Interesting comments. Thanks for posting the link to the video.

Some of my takeaways (feel free to correct any errors as I watched the video earlier today):
1.) going back 700 years inflation averaged 1%; inflation was much higher in the 70ís but perhaps that is the outlier. Perhaps current rate of inflation is perfectly normal.
2.) current phase of innovation (greatest in over a century) is likely what is resulting in low inflation and this is not a bad thing.
3.) if current low rate of inflation is normal Fed policy of low rates and quantitative easing is wrong. He feels fed should normalize rates/Fed balance sheet as soon as possible.
4.) by June of 2018 we should start to see some impact of all the central banks reversing quantitative easing.
3.) current low global rates and global QE is creating bubles in all financial markets. Free money will tend to do that.
Some thoughts:

1. There weren't great statistics being kept half a millennia ago.
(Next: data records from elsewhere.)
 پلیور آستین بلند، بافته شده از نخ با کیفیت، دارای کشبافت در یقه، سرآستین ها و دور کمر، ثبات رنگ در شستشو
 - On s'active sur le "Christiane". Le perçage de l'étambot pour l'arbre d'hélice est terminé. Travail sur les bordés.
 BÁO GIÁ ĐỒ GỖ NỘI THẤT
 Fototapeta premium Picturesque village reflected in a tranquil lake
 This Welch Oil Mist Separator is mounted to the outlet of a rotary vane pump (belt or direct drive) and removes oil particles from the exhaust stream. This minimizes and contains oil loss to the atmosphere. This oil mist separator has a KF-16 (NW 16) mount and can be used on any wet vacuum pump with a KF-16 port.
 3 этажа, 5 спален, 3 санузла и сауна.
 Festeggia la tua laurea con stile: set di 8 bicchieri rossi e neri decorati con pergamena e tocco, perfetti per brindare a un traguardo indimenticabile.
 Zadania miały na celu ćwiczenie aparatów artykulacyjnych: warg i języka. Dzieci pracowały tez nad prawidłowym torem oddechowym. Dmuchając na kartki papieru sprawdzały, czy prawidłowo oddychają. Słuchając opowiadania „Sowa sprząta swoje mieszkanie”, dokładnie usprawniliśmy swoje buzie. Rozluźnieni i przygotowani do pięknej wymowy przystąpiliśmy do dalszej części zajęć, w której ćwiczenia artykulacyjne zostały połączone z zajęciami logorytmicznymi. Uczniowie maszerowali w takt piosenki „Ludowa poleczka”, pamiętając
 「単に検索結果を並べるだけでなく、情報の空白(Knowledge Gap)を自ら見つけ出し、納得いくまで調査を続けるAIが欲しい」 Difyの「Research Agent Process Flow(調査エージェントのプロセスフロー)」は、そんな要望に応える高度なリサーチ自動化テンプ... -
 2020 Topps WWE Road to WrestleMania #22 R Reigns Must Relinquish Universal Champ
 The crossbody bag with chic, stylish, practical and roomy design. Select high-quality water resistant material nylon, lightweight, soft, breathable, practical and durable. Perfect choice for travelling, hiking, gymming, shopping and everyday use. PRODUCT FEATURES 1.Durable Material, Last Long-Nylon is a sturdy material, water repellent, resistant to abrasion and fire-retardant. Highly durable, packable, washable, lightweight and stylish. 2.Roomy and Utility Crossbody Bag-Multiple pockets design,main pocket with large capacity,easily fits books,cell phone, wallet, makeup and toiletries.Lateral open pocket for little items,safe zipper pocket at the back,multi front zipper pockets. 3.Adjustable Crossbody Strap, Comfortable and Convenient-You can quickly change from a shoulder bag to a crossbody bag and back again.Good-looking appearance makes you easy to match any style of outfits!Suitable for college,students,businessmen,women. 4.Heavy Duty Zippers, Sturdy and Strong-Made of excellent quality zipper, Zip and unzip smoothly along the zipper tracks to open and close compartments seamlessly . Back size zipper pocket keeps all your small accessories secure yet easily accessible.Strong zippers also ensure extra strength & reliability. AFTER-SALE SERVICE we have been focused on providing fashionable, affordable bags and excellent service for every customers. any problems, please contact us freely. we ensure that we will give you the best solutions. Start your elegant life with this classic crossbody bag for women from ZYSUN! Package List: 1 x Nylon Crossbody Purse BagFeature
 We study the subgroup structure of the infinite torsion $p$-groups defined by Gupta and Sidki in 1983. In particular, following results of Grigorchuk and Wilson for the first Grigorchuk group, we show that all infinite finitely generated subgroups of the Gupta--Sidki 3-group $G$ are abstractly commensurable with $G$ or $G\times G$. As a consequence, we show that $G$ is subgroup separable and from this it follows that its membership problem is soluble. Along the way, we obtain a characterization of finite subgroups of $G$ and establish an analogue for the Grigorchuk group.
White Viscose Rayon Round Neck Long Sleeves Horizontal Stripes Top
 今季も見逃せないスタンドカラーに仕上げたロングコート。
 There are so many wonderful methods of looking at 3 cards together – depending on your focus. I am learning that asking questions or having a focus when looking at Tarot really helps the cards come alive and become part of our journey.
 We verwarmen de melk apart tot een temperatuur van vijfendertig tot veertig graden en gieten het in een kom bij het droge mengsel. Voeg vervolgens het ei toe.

So I wouldn't put much stock in the inflation rate of 1682.

2. Not really the greatest phase of innovation in over a century. Introduction of AC motors, etc was way more significant. Though we can argue about the timing. Anyway if there's so much innovation why are productivity gains so small? If innovation is what's keeping inflation low that's because it's causing a large expansion of aggregate supply. If that's true we should see big productivity gains.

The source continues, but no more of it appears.